Posted in Bibliographic references, Citations as First-Class Data Entities, Data publication, Open Citations | Tagged , , , , , , , , | Leave a comment

Coverage of open citation data approaches parity with Web of Science and Scopus

Guest blog post by Alberto Martín-Martín, Facultad de Comunicación y Documentación, Universidad de Granada, Spain <albertomartin@ugr.es>

In this post, as a contribution to Open Access Week, Alberto Martín-Martín shares his comparative analysis of COCI and other sources of open citation data with those from subscription services, and comments on their relative coverage.

Comprehensive bibliographic metadata is essential for the development of effective understanding and analysis across all phases of the research workflow. Commercial actors have historically filled the role of infrastructure providers of bibliographic and citation data, but their choice of subscription-based business models and/or restrictive user licenses has significantly limited how users and other parties can access, build upon, and redistribute the information available on those platforms. Locking bibliographic and citation metadata behind these barriers is problematic, as it hinders innovation and is an obstacle to reproducibility.

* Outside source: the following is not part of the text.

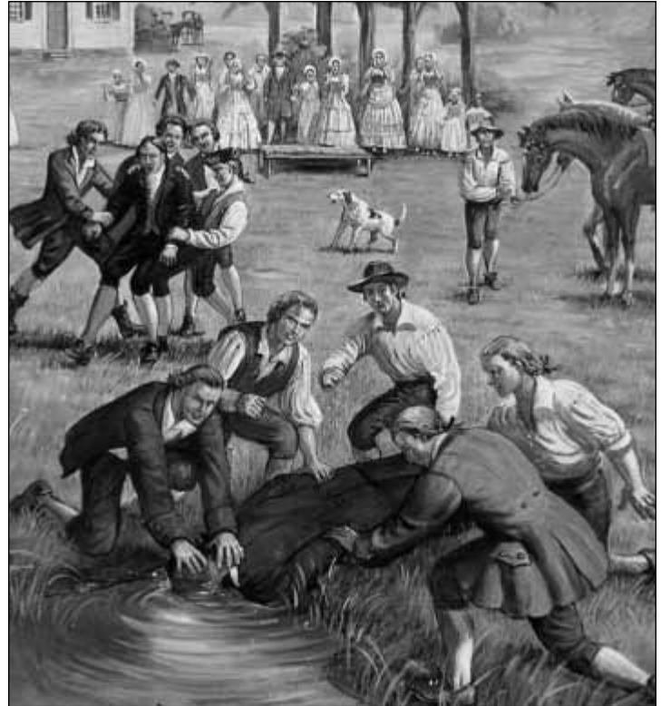
A wave of religious persecution took place in Virginia in the 1770s. This oil painting shows a group of Anglicans attacking two Baptists.

In New England, colonists also passed laws involving the government in religion. Most of the early settlers in Massachusetts, Connecticut, and New Hampshire were Puritans who belonged to the Congregational Church. For the first 50 years in the Bay Colony—which became Massachusetts—no resident of the colony could vote unless he belonged to the Congregational Church. Later laws

Fortunately, the process of digital transformation that scientific communication is currently undergoing is providing us with the tools to get closer to the ideal of science as a public good. One of the most successful initiatives in this area is Crossref, arguably the single most critical piece of research metadata infrastructure currently in existence. I consider the best thing about it to be its commitment to openness. Not only is Crossref responsible for minting many of the DOIs that are assigned to academic publications, but it also publishes metadata about these publications (for over 120+ million records in their latest public data file) without imposing any access or reuse limitations.

Crossref metadata has already boosted innovation in a variety of academic-oriented tools. New discovery services such as Dimensions, The Lens, and Scilit all take advantage of Crossref metadata to keep their indexes up to date with the latest publications. The open-source reference manager Zotero is able to pull metadata associated with a given DOI from Crossref’s servers, providing an easy way to populate one’s personal reference collection that is more reliable than using Google Scholar. The Unpaywall database uses Crossref metadata (among other data sources) to keep track of which documents are Open Access, and this data is in turn used by Unsub, a service that helps libraries make more informed decisions about their journal subscriptions.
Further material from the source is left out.